Companies kept adding to payrolls in August while measures of slack in the labor market were little changed, signaling steady hiring in the face of lackluster global growth.
Payrolls climbed by 151,000 last month following a 275,000 gain in July that was larger than previously estimated, a Labor Department report showed Friday in Washington. The median forecast in a Bloomberg survey called for 180,000. The jobless rate and labor participation rate held steady, while wage gains moderated.

The August figure is consistent with a simmering-down of payrolls growth so far this year as the economy slogs through a period of weak investment and some companies have difficulty finding workers. Federal Reserve officials will have to weigh the jobs data as they decide whether to raise the benchmark interest rate for the first time in 2016.
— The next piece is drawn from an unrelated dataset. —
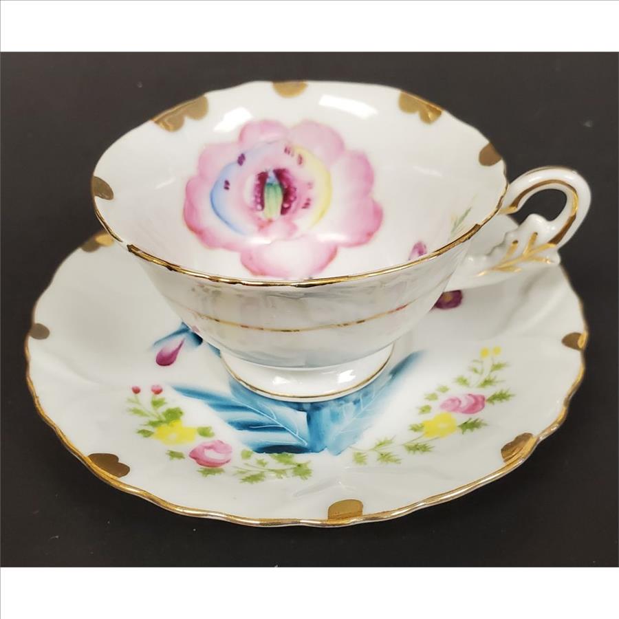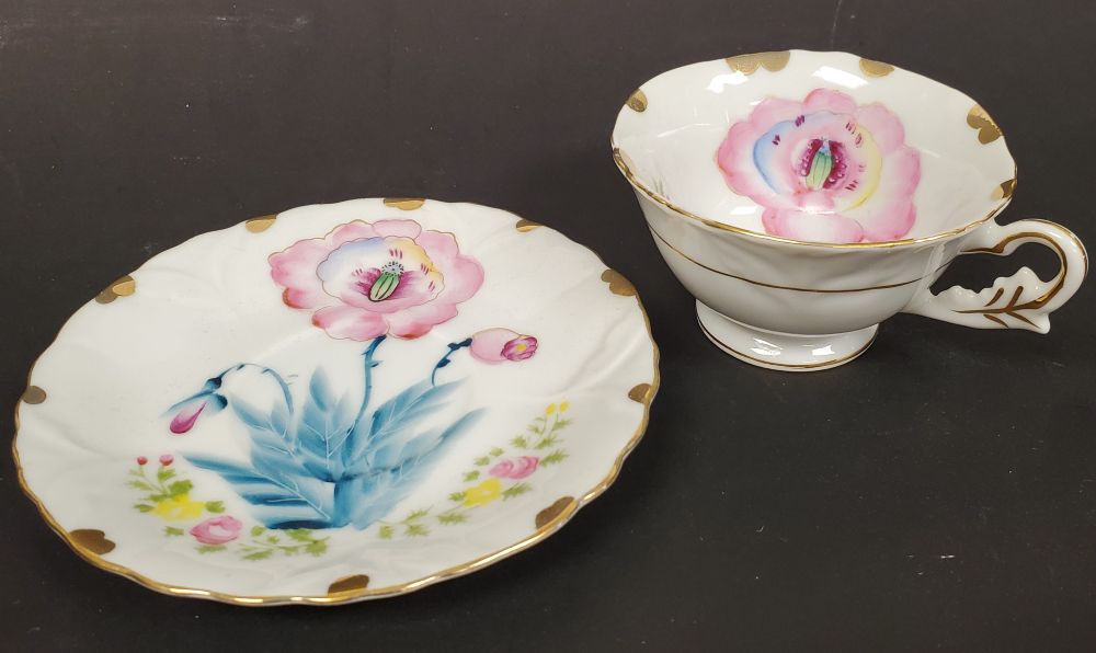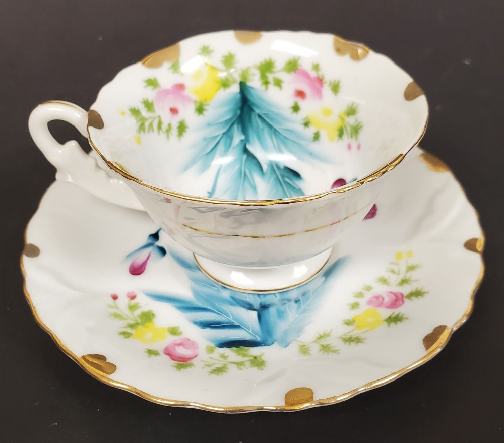 Vintage Hand Painted Shafford England Bone China Demitasse Cup and Saucer

“This expansion is getting long in the tooth, so it shouldn’t be too surprising that trend job growth would begin to moderate,” Ryan Sweet, a senior economist at Moody’s Analytics Inc. in West Chester, Pennsylvania, said before the report.
The 89 estimates in the Bloomberg survey ranged from gains of 92,000 to 255,000 after a previously reported 255,000 July increase. Revisions subtracted a net 1,000 jobs from overall payrolls in the previous two months, as June’s increase was cut to 271,000 from 292,000.